Data segment:
*** Block opens ***
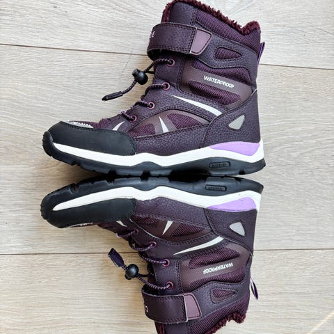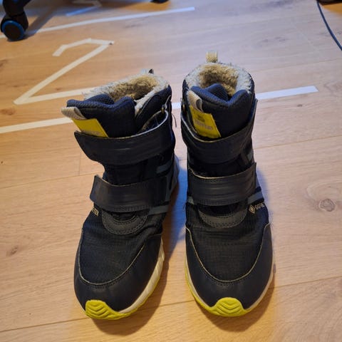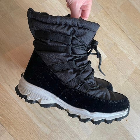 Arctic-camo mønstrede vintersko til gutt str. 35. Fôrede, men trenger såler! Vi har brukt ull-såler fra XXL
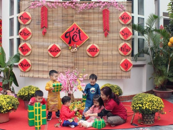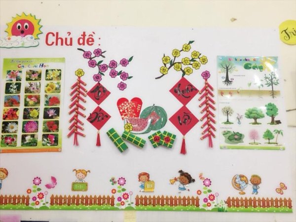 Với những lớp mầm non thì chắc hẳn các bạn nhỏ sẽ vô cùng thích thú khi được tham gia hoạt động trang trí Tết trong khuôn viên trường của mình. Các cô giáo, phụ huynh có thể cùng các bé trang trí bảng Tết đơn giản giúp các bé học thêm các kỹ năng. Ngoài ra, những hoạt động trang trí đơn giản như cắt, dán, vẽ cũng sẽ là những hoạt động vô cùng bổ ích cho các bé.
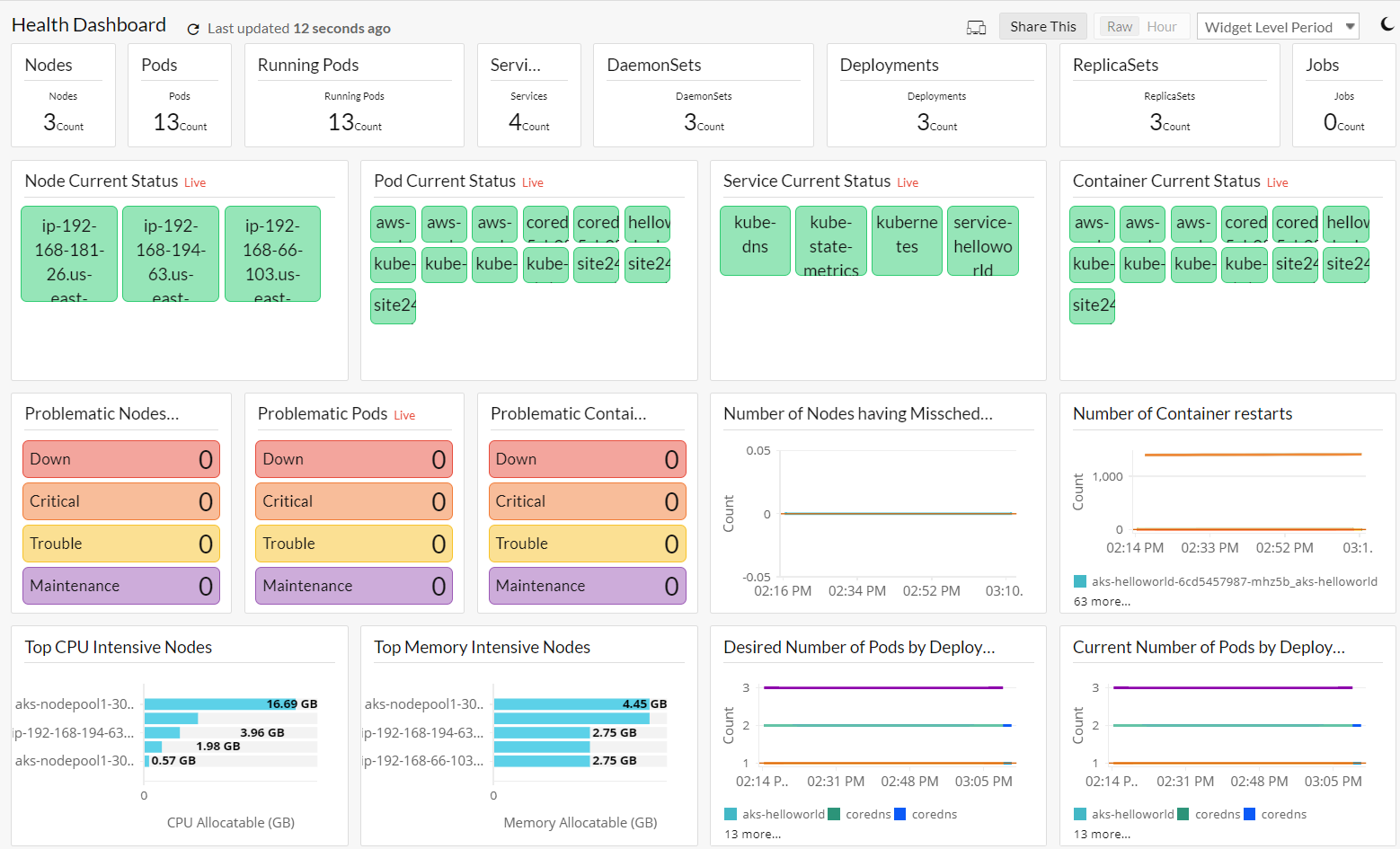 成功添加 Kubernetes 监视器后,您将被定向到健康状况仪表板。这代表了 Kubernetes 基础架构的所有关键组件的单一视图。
*** Block closes ***
The problem:
All of the material shown above needs to be duplicated exactly. Omit every picture.

Exercise result:
 Arctic-camo mønstrede vintersko til gutt str. 35. Fôrede, men trenger såler! Vi har brukt ull-såler fra XXL
 Với những lớp mầm non thì chắc hẳn các bạn nhỏ sẽ vô cùng thích thú khi được tham gia hoạt động trang trí Tết trong khuôn viên trường của mình. Các cô giáo, phụ huynh có thể cùng các bé trang trí bảng Tết đơn giản giúp các bé học thêm các kỹ năng. Ngoài ra, những hoạt động trang trí đơn giản như cắt, dán, vẽ cũng sẽ là những hoạt động vô cùng bổ ích cho các bé.
 成功添加 Kubernetes 监视器后,您将被定向到健康状况仪表板。这代表了 Kubernetes 基础架构的所有关键组件的单一视图。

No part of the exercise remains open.